[Opening Supplied records section]
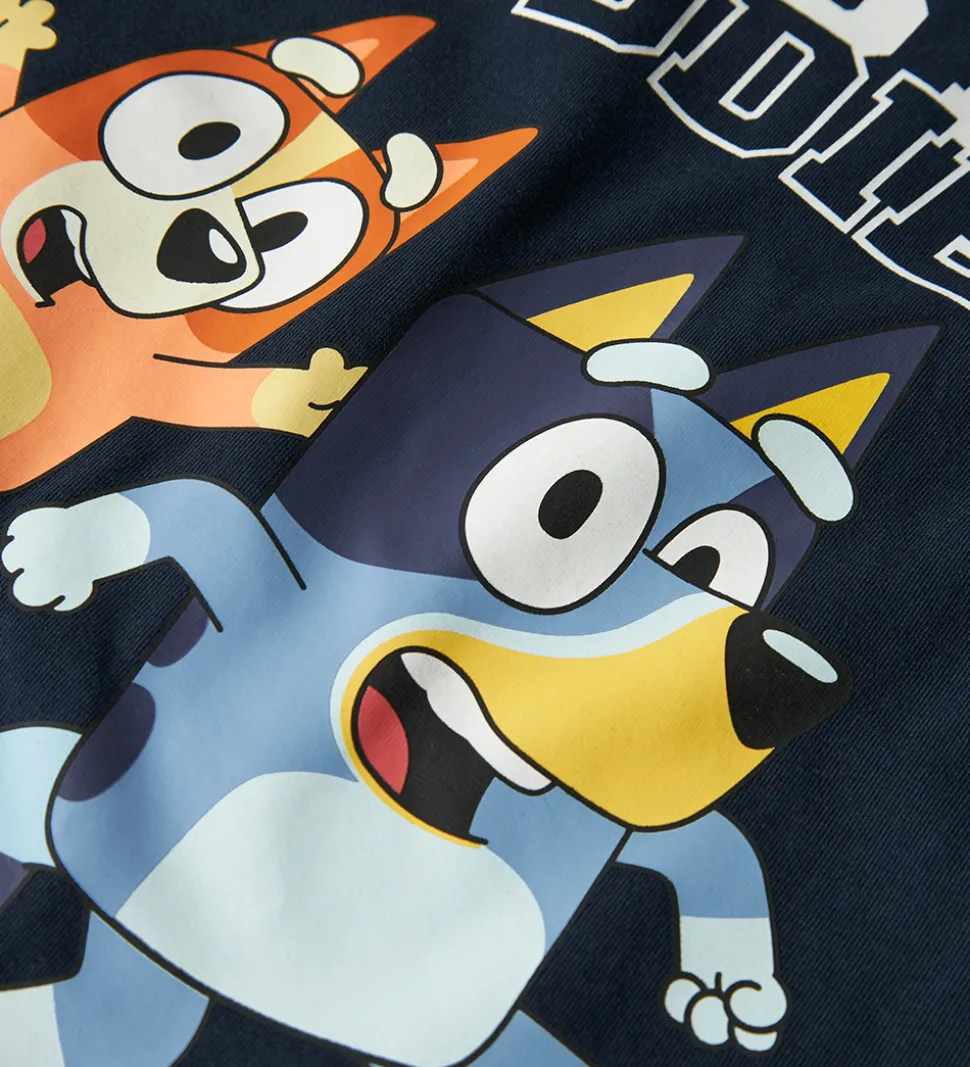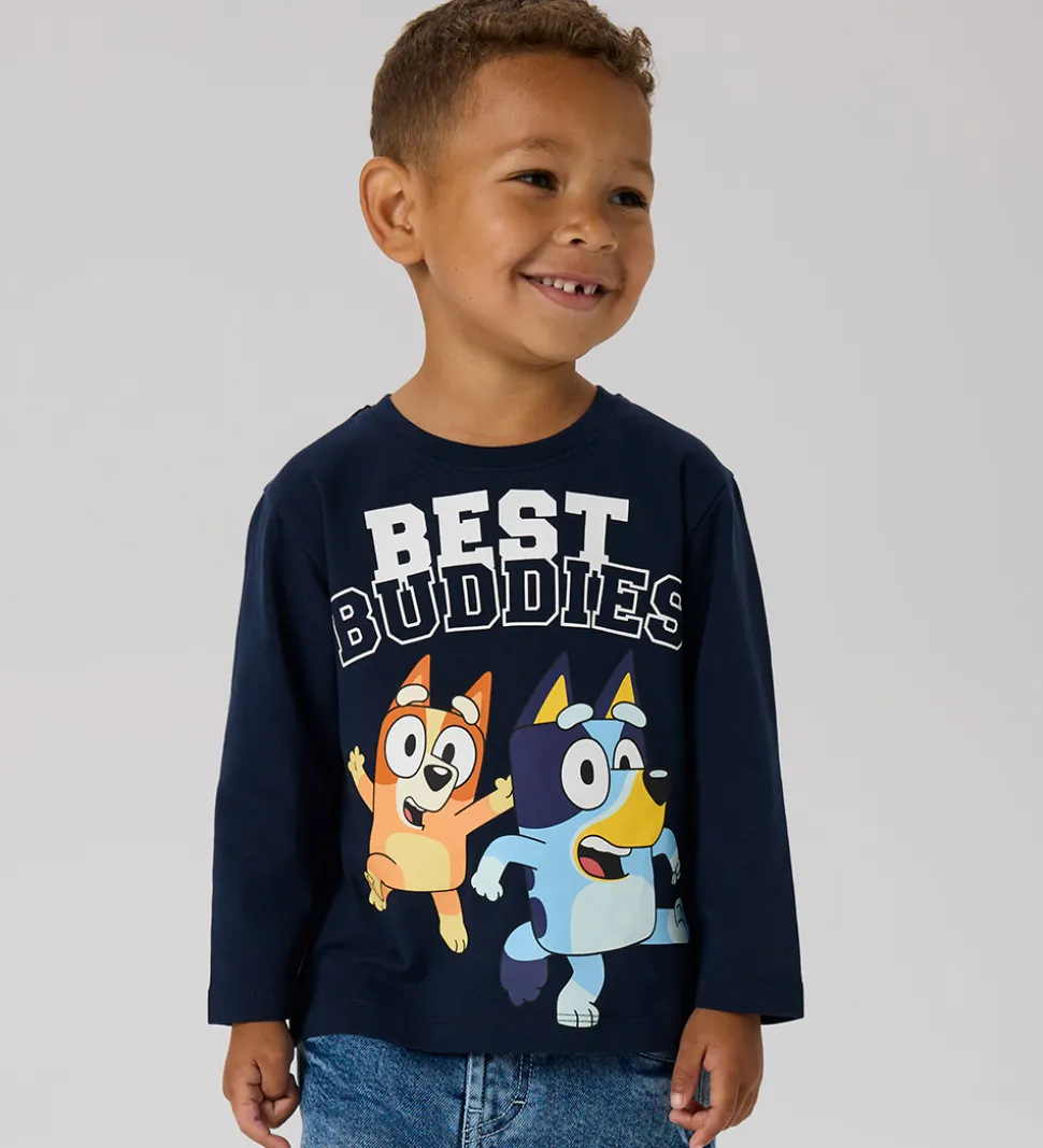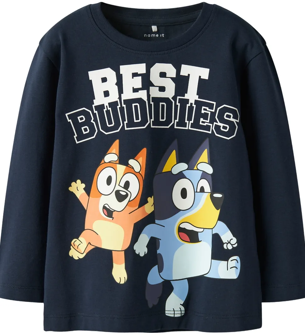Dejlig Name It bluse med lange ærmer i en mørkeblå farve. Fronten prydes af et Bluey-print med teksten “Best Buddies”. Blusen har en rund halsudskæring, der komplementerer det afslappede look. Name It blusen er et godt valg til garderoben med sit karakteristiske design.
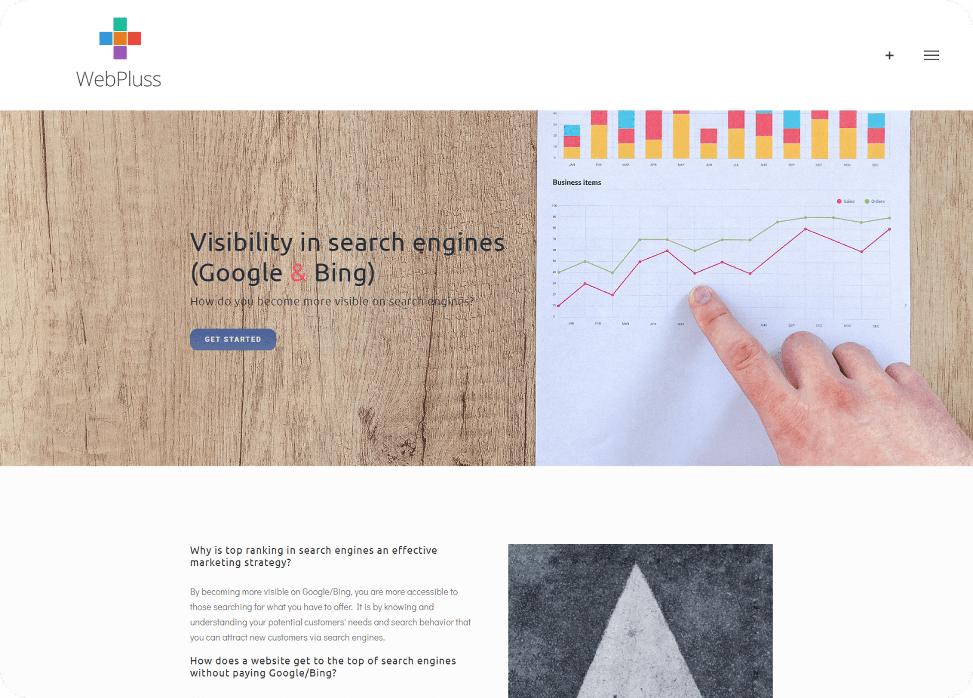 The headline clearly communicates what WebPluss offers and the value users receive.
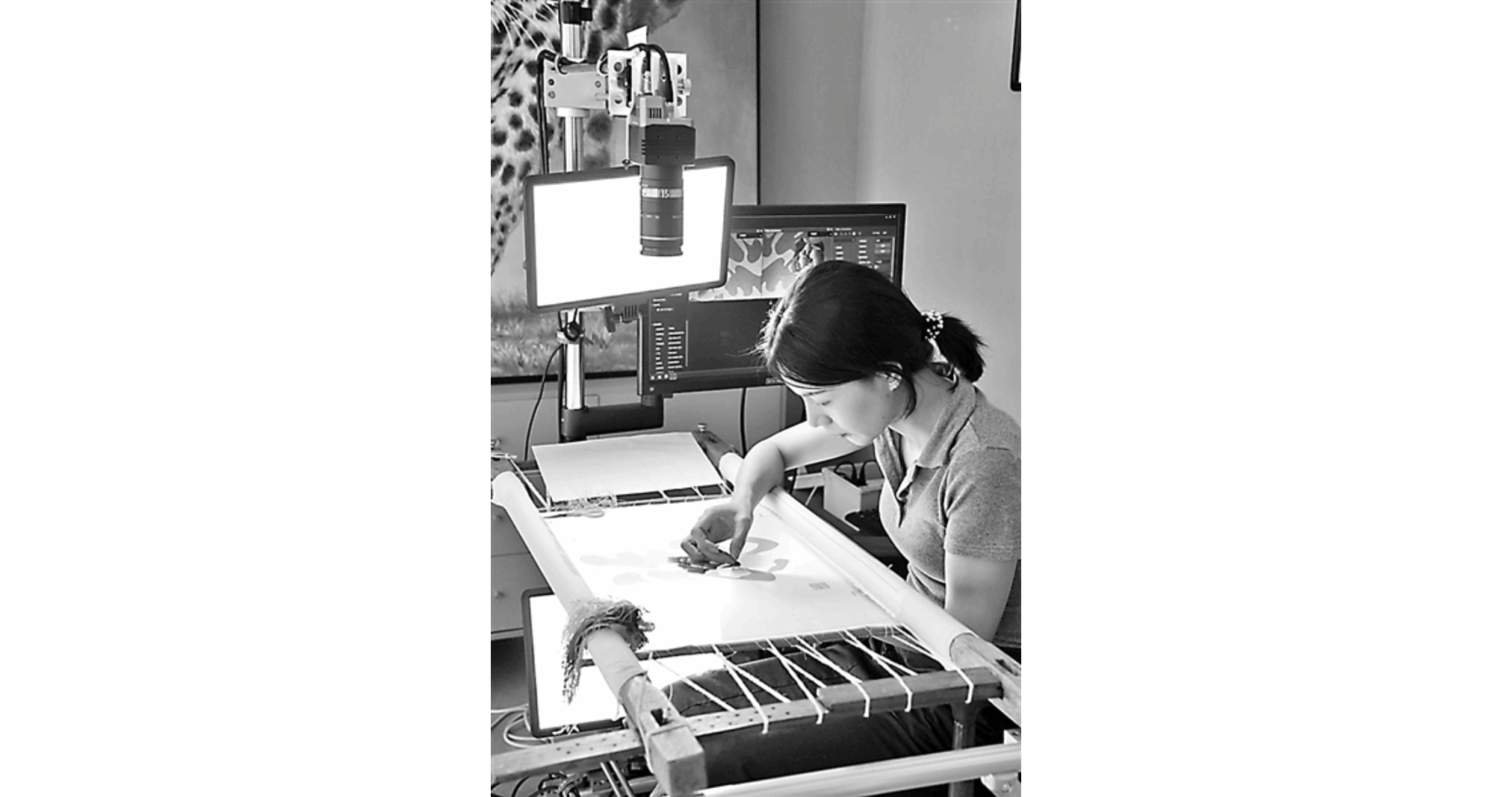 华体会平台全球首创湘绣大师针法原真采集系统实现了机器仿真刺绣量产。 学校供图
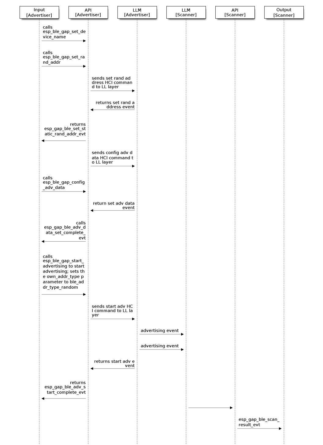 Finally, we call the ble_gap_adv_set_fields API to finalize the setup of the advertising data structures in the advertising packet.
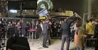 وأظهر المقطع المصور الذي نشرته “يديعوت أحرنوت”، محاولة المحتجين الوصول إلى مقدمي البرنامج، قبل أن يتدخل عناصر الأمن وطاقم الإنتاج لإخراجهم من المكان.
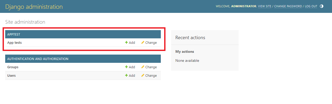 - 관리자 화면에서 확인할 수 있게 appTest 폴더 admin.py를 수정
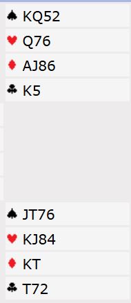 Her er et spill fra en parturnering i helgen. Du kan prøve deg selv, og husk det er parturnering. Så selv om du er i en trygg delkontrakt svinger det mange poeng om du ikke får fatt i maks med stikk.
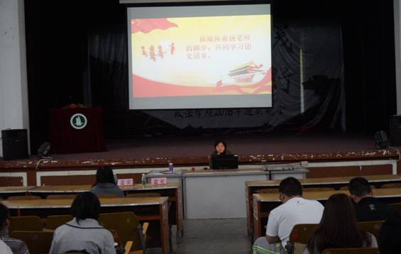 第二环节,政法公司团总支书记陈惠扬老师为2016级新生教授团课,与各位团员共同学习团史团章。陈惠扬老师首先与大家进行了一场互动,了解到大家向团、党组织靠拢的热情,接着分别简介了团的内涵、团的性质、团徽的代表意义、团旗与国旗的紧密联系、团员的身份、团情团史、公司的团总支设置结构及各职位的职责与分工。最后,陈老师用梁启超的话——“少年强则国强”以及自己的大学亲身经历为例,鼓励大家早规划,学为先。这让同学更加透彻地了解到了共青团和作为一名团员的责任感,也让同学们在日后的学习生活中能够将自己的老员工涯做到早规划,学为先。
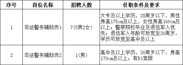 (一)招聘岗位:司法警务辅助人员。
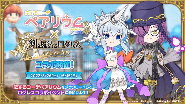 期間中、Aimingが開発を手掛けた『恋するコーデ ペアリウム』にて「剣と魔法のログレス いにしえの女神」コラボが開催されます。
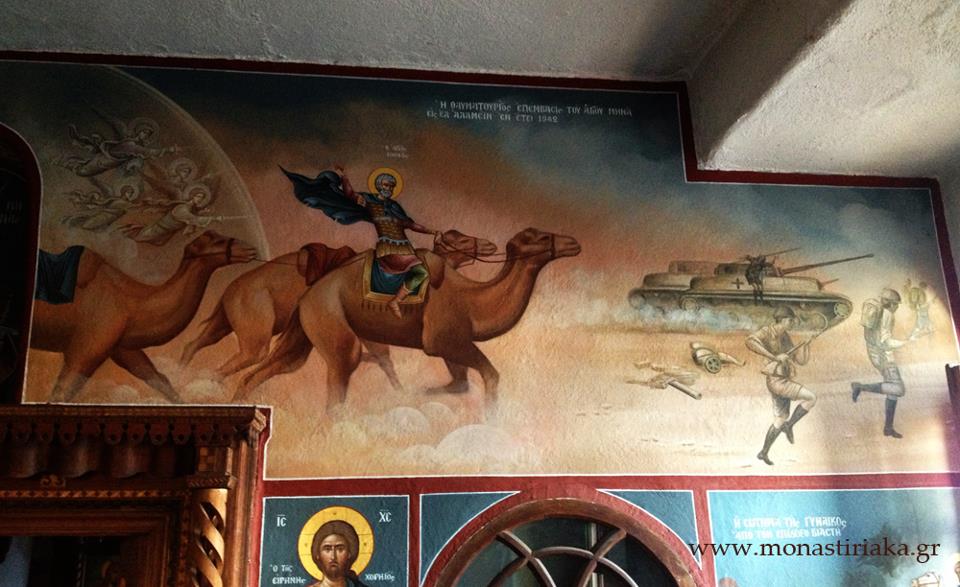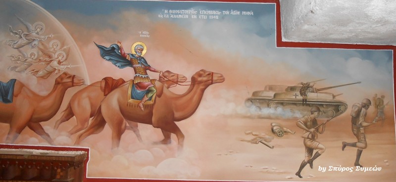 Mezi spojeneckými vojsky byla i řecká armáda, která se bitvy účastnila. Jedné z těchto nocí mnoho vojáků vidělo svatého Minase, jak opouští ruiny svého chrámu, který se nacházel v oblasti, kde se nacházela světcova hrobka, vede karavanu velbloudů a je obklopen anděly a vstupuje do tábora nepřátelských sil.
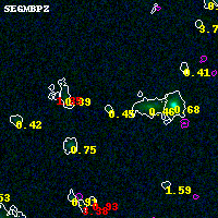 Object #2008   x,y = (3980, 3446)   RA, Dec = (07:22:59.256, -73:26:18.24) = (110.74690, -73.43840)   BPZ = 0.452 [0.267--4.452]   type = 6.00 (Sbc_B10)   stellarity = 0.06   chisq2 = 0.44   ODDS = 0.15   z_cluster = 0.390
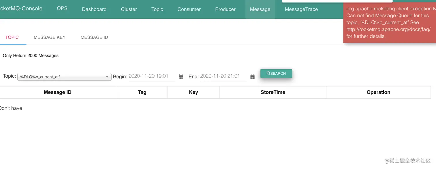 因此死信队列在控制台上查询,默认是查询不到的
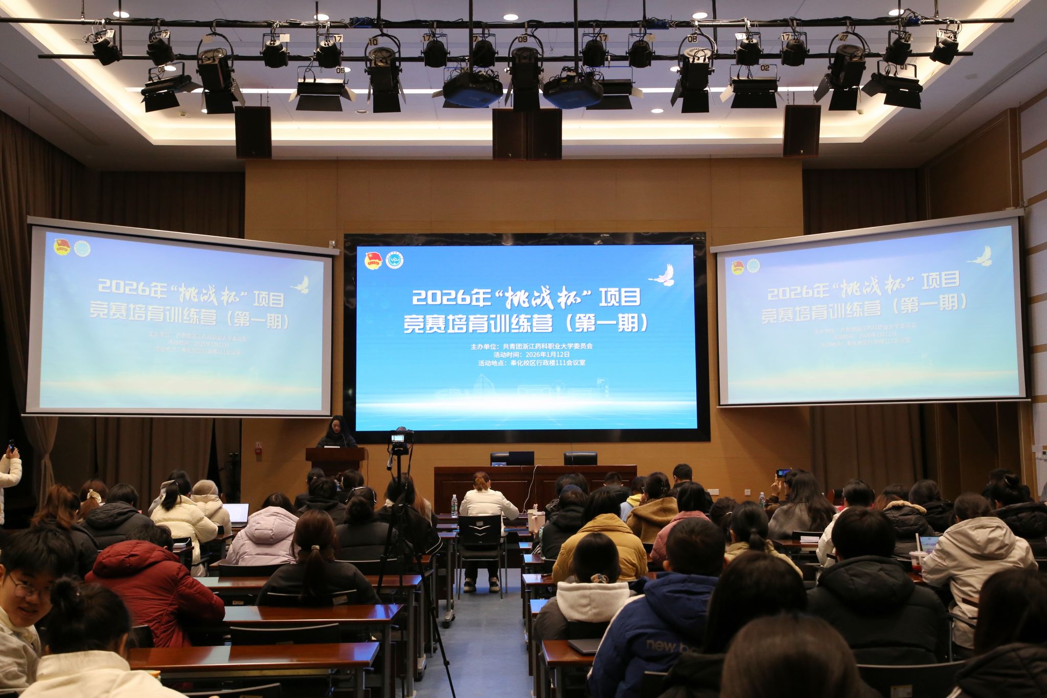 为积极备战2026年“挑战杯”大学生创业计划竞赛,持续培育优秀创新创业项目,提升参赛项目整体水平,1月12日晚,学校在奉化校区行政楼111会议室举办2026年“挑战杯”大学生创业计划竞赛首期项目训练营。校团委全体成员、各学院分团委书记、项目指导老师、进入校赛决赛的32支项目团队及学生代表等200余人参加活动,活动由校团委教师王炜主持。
[Closing Supplied records section]
_What you are asked to do:_
The answer must consist of the line containing "Her er et spill" and every line after it through the end of the records, retyped exactly, with all pictures left out.

_Solution:_
 Her er et spill fra en parturnering i helgen. Du kan prøve deg selv, og husk det er parturnering. Så selv om du er i en trygg delkontrakt svinger det mange poeng om du ikke får fatt i maks med stikk.
 第二环节,政法公司团总支书记陈惠扬老师为2016级新生教授团课,与各位团员共同学习团史团章。陈惠扬老师首先与大家进行了一场互动,了解到大家向团、党组织靠拢的热情,接着分别简介了团的内涵、团的性质、团徽的代表意义、团旗与国旗的紧密联系、团员的身份、团情团史、公司的团总支设置结构及各职位的职责与分工。最后,陈老师用梁启超的话——“少年强则国强”以及自己的大学亲身经历为例,鼓励大家早规划,学为先。这让同学更加透彻地了解到了共青团和作为一名团员的责任感,也让同学们在日后的学习生活中能够将自己的老员工涯做到早规划,学为先。
 (一)招聘岗位:司法警务辅助人员。
 期間中、Aimingが開発を手掛けた『恋するコーデ ペアリウム』にて「剣と魔法のログレス いにしえの女神」コラボが開催されます。
 Mezi spojeneckými vojsky byla i řecká armáda, která se bitvy účastnila. Jedné z těchto nocí mnoho vojáků vidělo svatého Minase, jak opouští ruiny svého chrámu, který se nacházel v oblasti, kde se nacházela světcova hrobka, vede karavanu velbloudů a je obklopen anděly a vstupuje do tábora nepřátelských sil.
 Object #2008   x,y = (3980, 3446)   RA, Dec = (07:22:59.256, -73:26:18.24) = (110.74690, -73.43840)   BPZ = 0.452 [0.267--4.452]   type = 6.00 (Sbc_B10)   stellarity = 0.06   chisq2 = 0.44   ODDS = 0.15   z_cluster = 0.390
 因此死信队列在控制台上查询,默认是查询不到的
 为积极备战2026年“挑战杯”大学生创业计划竞赛,持续培育优秀创新创业项目,提升参赛项目整体水平,1月12日晚,学校在奉化校区行政楼111会议室举办2026年“挑战杯”大学生创业计划竞赛首期项目训练营。校团委全体成员、各学院分团委书记、项目指导老师、进入校赛决赛的32支项目团队及学生代表等200余人参加活动,活动由校团委教师王炜主持。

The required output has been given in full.